Subconsciously or consciously, I think those of us in anguish over our country’s condition are well aware of how much company we keep. We know that our fellow Americans care about each other and that they hate what’s happening to their neighbors, to people in other states, to Palestinians. But feeling is not power, and a large part of our stymying pain is the knowledge that powerlessness persists despite our mass. “People know that collective action is the only way forward, but we’re in a time when some people feel/are alone and also lack trust in others,” writes Mariame Kaba. “Yet as humans, we crave connection. All of this is a recipe for resignation and also sometimes for impotent rage.”

“. . . for freedom we want and will have, for we have served this cruel land long enuff . . .
—a Georgia slave, 1810” by Jacob Lawrence, 1956
“Most people, I judge, are simply appalled by the course of recent events, from Kent through Cambodia and the South,” wrote Daniel Berrigan half a century ago. But for most of these people:
today’s appall is tomorrow’s cold omelet… It is not, I judge, that people do not react in human fashion to such crimes, indeed they often over-react. But their reactions are quickly consumed in the hearth of “normal living.” After a while, warming their hands at that fire, they catch themselves wondering why, yesterday (last month, last year) things were better.… Even the most acute moral sense, operating in a void, is simply useless. (emphasis added)
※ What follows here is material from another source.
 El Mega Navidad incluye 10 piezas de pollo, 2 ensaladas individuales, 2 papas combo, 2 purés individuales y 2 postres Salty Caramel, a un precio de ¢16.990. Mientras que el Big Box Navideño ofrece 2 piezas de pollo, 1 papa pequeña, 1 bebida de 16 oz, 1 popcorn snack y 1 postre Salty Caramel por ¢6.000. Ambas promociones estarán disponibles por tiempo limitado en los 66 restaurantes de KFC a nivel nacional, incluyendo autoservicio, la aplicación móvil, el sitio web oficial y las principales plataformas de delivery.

I’m struck by his stipulation of over-reaction as part of this cycle, like the feedback loop of a dysregulated nervous system. The aforementioned tenacious naivety seems to yield only panic and crash, then a shot of adrenaline with every new discovery and the mania and panic and crash all over again. If sensitivity overrides the intercession of discernment, it can produce nothing but hysteria and paralysis. “Indignation, anger, outrage are useful when they become the cool and tempered tools of social change,’” Berrigan wrote. “But when emotional response drifts about, unanchored to purpose and courage, free-floating and self-indulgent, I am not at all sure that ‘virtue’ does not beget more crime.”
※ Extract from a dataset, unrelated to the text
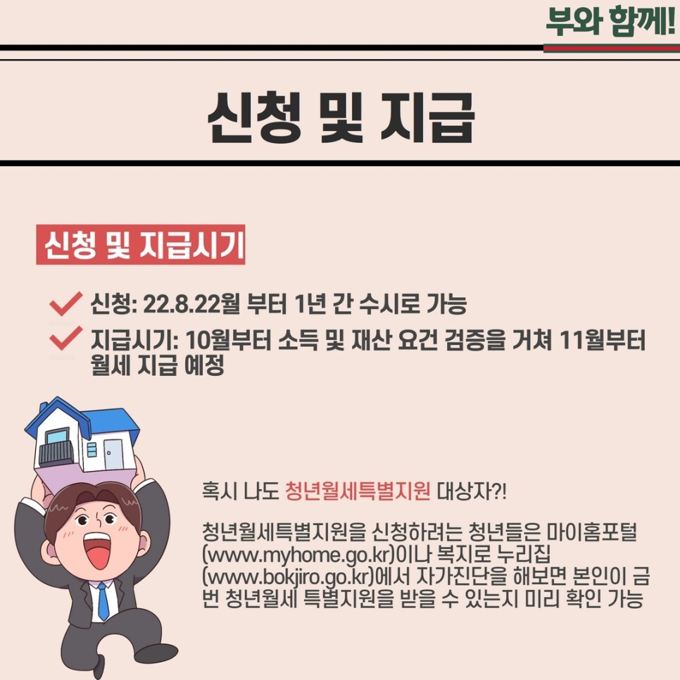 - 신청 방법 : 복지로 누리집(www.bokjiro.go.kr) 또는 어플리케이션으로 신청가능합니다.

There is too much primacy placed on feelings and beliefs. Beliefs, however sincerely held, often don’t matter because they don’t result in any action. We move along habitual paths, keeping to the grooves of culture and class. How many people involved in private jets—the pilots, staff, owners, customers, makers—”believe in” climate change, do you think? A lot of them, I bet. How many people who eat meat every day “believe in” it? I’ve never doubted that climate change is real and terrifying but there was an extended period of time when I took multiple commercial flights a week, every week. I flew cross-country dozens of times each year, crossed the Atlantic as casually as people drive to the beach.
We wait for someone else to activate us on behalf of our own beliefs. Can we admit it? It’s easier to imagine that if we converted the holdouts (the diehard Trumpists, the climate denialists, the apathetic narcissists) we’d somehow reach the tipping point of new grooves and habits that we could enter into without fear. This way, other people are our problem, not our own reticence. But collective liberation happens intentionally or not at all.
We already have each other. The real question is, what do we do with ourselves?